Laura sabe que muchos magos tienen este sueño. ¿Significa que están compartiendo el espacio?
—No, no es mío.
Natalie se desenrosca y da un pequeño salto hacia el vacío… una caída tan elevada sobre vidrio sólido que en la vida real mataría a cualquiera:
—Creo que nos queda tiempo. Voy a echar un vistazo.
—Espera. ¿Qué hacemos si despertamos? —le grita Laura.
—Entonces despertaremos.
En la cabeza de Laura hay algo diciéndole que no deberían separarse, pero algo más en otra parte de su cabeza le está diciendo que no sabe por qué creer que fuera así. No quiere decir nada de lo que no está segura y así observa a Natalie centellear a lo largo del camino hacia el castillo ajeno, omitiendo espacio de la misma regular manera con la que han estado franqueando al tiempo. Reordena sus prendas, ajustándolas para sentirse más cómoda. Luego experimenta con su nueva vara de tres metros de largo. Es una pieza de hardware de vanguardia: más que una herramienta es una excedida pieza de joyería, algo sacado de la última página de un catálogo demasiado exclusivo como para además incluir los precios. Dos veces más ornamental de lo que su función requiere. De una sola pieza, para conseguir una mejor cohesión estructural y una portabilidad drásticamente reducida, su longitud —√3 veces de lo usual— le otorga propiedades de rendimiento harmónico que la hacen valer su peso en oro. Es un deseo cumplido, igual de práctico para su uso diario como lo sería un coche Fórmula Uno. Y como es Laura quien desea, lo ha hecho de mercurio. Si no fuera porque es un líquido venenoso a temperatura ambiente, el mercurio sería por lejos el metal mágico más útil de todos.

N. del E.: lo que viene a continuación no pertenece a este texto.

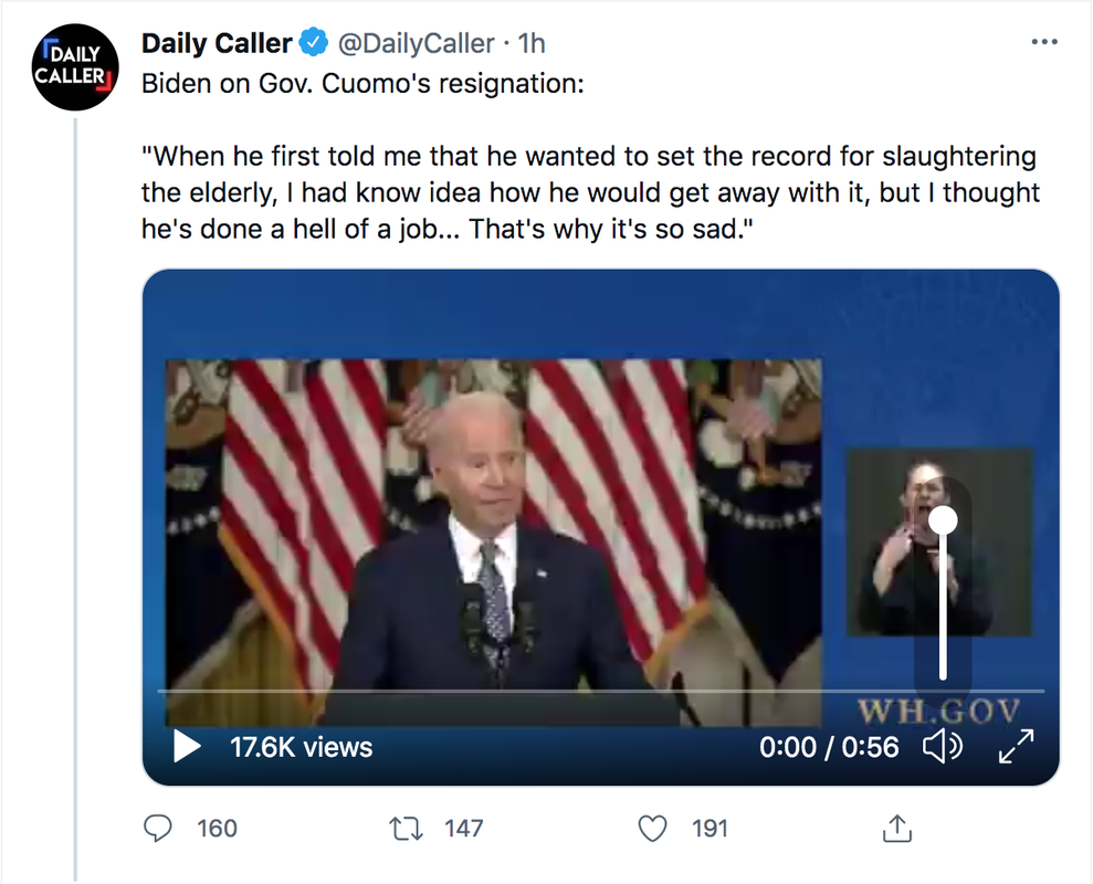 re: Biden on Cuomo resigning “He’s done a hell of a job, and that’s why it’s so sad.”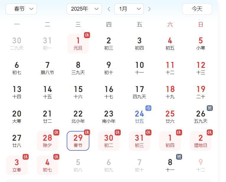 根据《关于上海证券交易所2025年部分节假日休市安排的通知》(上证公告〔2024〕38号),上海证券交易所现将2025年春节休市安排通知如下。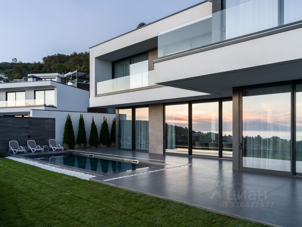 Участок 15 соток. На верхнем входная группа и автопарковка с навесом на 2 авто. На нижнем уровне переливной круглогодичный бассейн 9*3.5 метра с противотоком, отдельно гостевой блок с баней 35кв.м. Выполнено ландшафтное озеленение с автополивом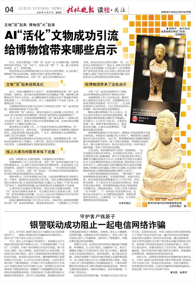桂林博物馆宣教部副主任宾妮告诉记者,桂林博物馆文物“活”起来的视频在网上传播后,只要开馆,就有市民和游客特地来看视频中的文物,入馆参观视频内文物的观众明显增加。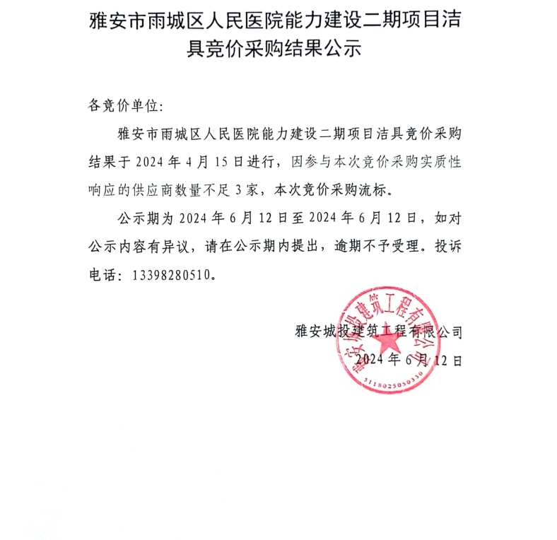 雅安市雨城人民醫(yī)院能力建設(shè)二期項(xiàng)目潔具競(jìng)價(jià)采購結(jié)果公示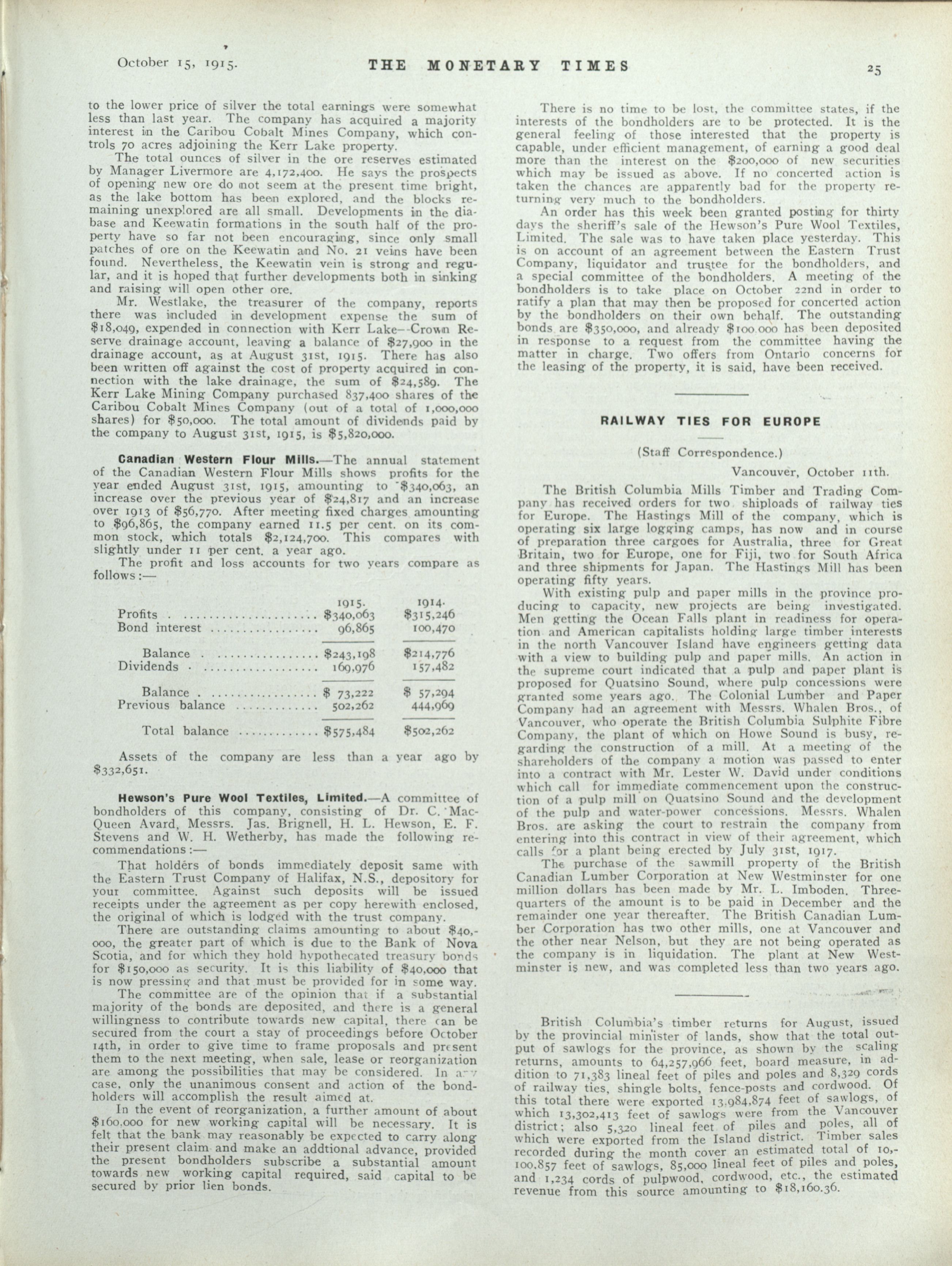 - The Monetary Times, trade review and insurance chronicle. : Volume 55 No. 16 (October 15, 1915)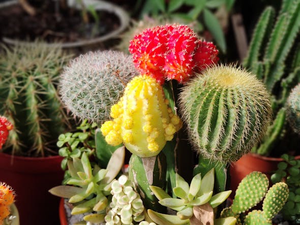 Grafted scions on hardy rootstock — colorful and unusual. Plant Common Name Grafted cactus Scientific Name Various grafted combinations (Gymnocalycium, ...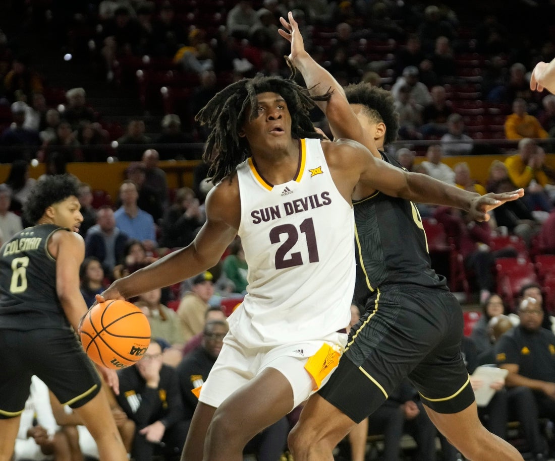Sindicación: República de ArizonaEl delantero del estado de Arizona, Jayden Quaintance (21), se dirige a la guardia de la UCF Keyshawn Hall (4) durante el juego Big 12 en Desert Financial Arena en Tempe el 14 de enero de 2025.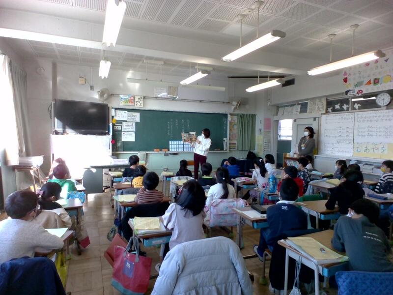 図書ボランティアさんに来ていただき、朝の読み聞かせをしていただきました。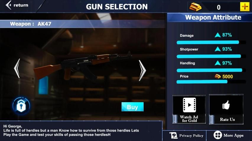Gun store with new and latest weapons .weapons models has also being enhanced to look better. There are a lot of weapons in gun store user can unlock them using coins. If users have not enough coins then user can buy any weapons with real currency.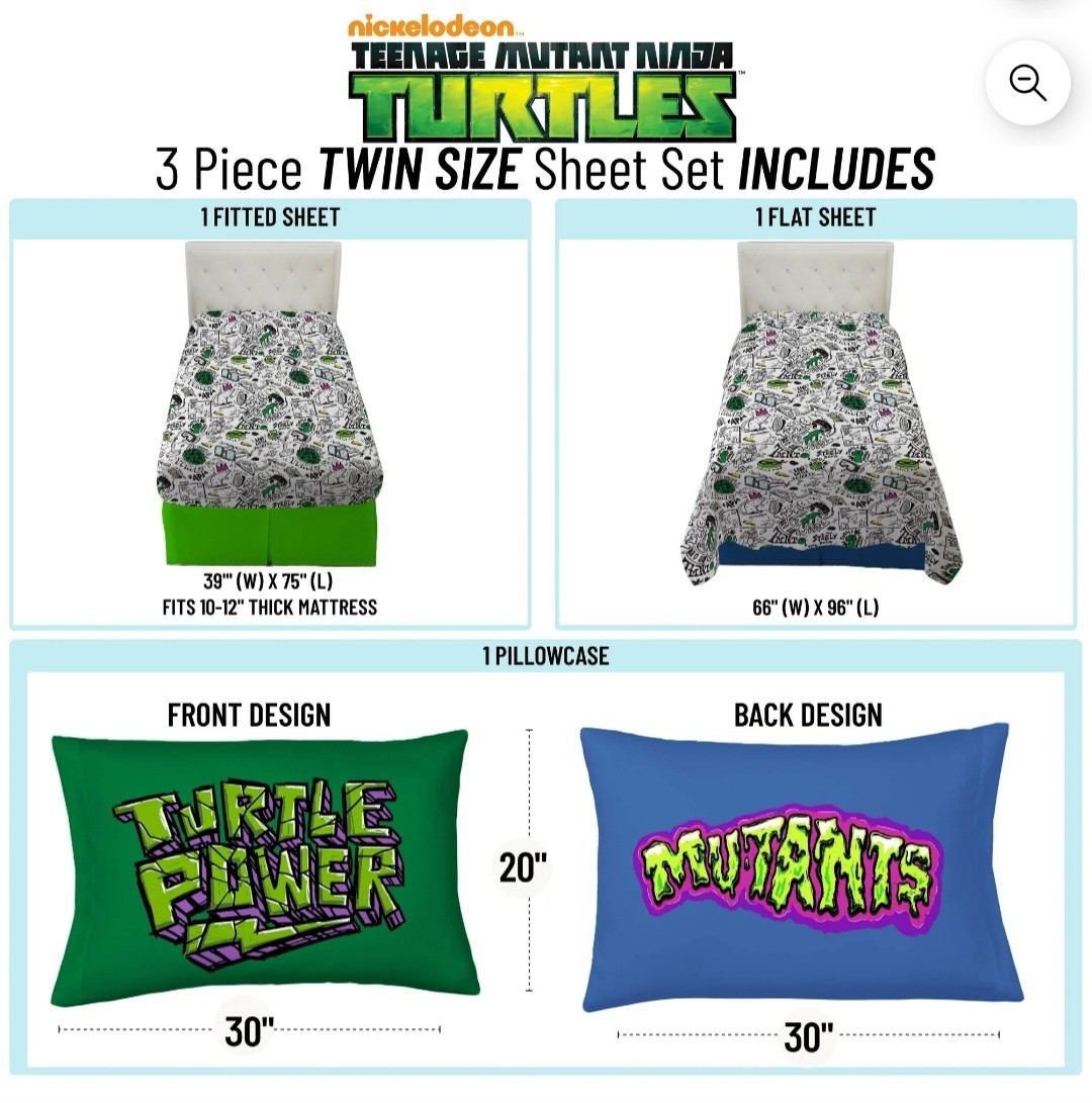 Teenage Mutant Ninja Turtle Kids 3-Piece Twin Sheet Set, Microfiber/New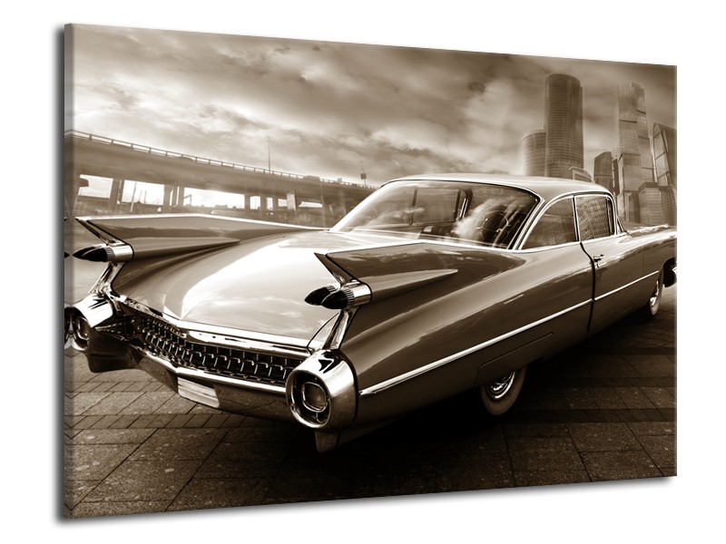 Canvas Schilderij Auto | Sepia | 70x50cm 1Luik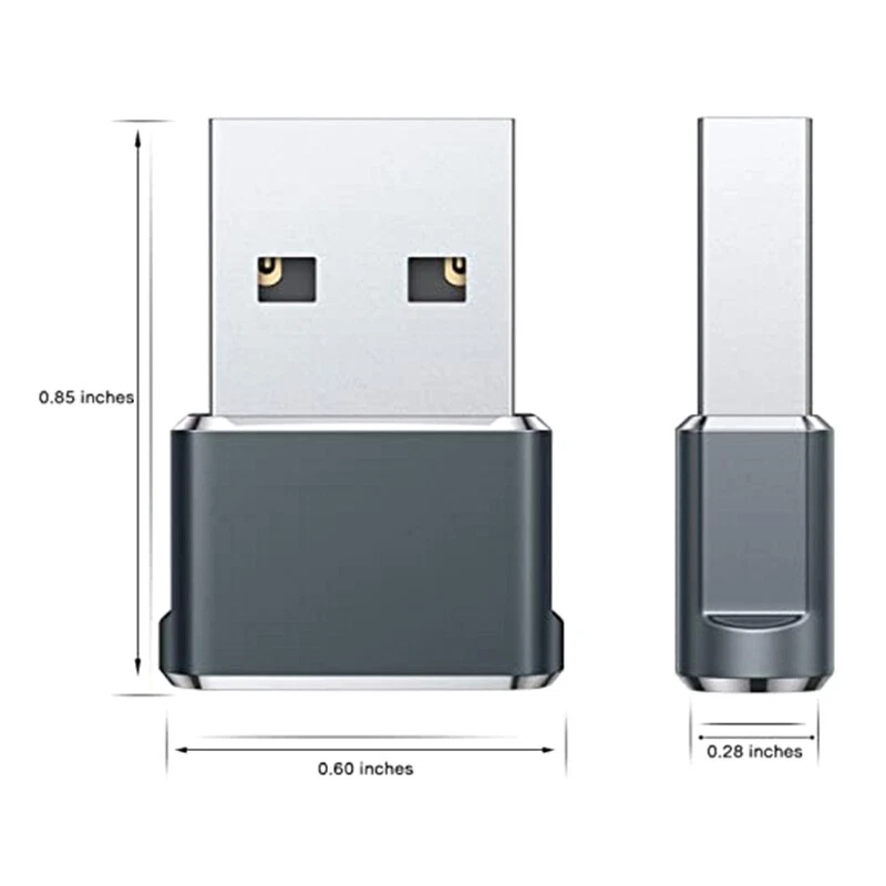 Features: Our aluminum-alloy-bodied dongle occupies very little space and can plug directly onto the end of your USB-A hardware, so you won’for t have to worry about carrying it around. This is a USB-C female to USB-A male adapter designed for charging or data transfer and it will NOT support vidoe transmission. With this little dongle plugged into available standard USB port, your devices power computer) can turn into a USB-C enabled platform. You can easily hook up any USB-C peripherals (USB Type-C cable, USB Type-C USB Type-C hub) that make use of the newer USB-C connector. This adapter offers data transfer speeds of up to 200 Mbps between devices and also supports up to 2 Amps of power output for charging your devices. Enjoy the fast and safe charging. Specifications: Product model: WH-UC2.0-mini Product weight: 3.5g Size: approx. 0.60x0.85x0.28in Product color: black, silver, gray, green, blue, red, gold, rose gold Package Includes: 1PC x USB-C (female) to USB-A (male) Adapter note: No retail package. Please allow 0-1cm error due to manual measurement. pls make sure you do not mind before you bid. Due to the difference between different monitors, the picture may not reflect the actual color of the item. Thank you!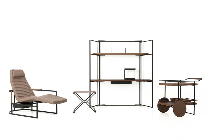 这三件作品都是为了将负空间变成一种审美特征,利用浮动的平面和线框来营造一种光鲜、简洁的氛围。选材上受全球汽车工业风影响,选取了具有温润触感的黑色金属、胡桃木和深色调哑光皮革,细节处渲染出精致本色。

«Despertar. Ponerse a resguardo. Detener la erupción. En ningún orden en particular». Laura mira su reloj pulsera; desde luego, está en blanco.
—Me hace falta más información —se dice a sí misma. Fuera, en el horizonte, observa la brillante chispa blanca que indica su imagen mental de Benj.
El ruido es cada vez más fuerte. La pesadilla está por comenzar.